Moreover these files takes around 900 bytes each so they waste memory unnecessarily it seems.  
> Except there is another location where Okular stored annotations in these
> days. It was definitifely an XML file. But as far as I remember, it was
> these docdata files.
> 
> > > I am surprised that the PDF file has been lost. Your Okular version should
> > > theoretically not modify it...
> > 
> > Yes if instead a temporary file were used to write and checked if the write
> > was successful this problem could have been avoided.
> 
> Okular should theoretically open a PDF file only for reading, not for
> writing. So it should stay in its state on disk.
> 
> But actually I remember a bug report where a PDF file has shrunken to 0
> bytes after a power outage.
Comment 5 Laura David Hurka 2021-09-29 13:06:39 UTC
You are right, Okular 1.3.3 already saves annotations in PDF files.

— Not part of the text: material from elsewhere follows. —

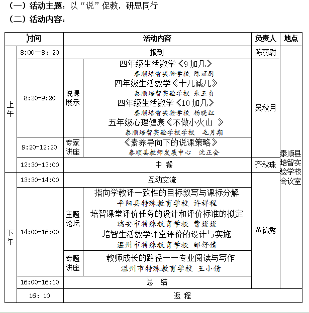 在 泰顺县特殊教育学校举行活动,时间 1 天。

I thought this feature had been added in 1.4 or later, but it was actually added in 0.15.

In that case you unfortunately can not recover the annotations in a usual way. You might try some data recovery tools, depending on the file system which you use.

The docdata files are used to remember which page you viewed last, so when you open the document again, you see the same page.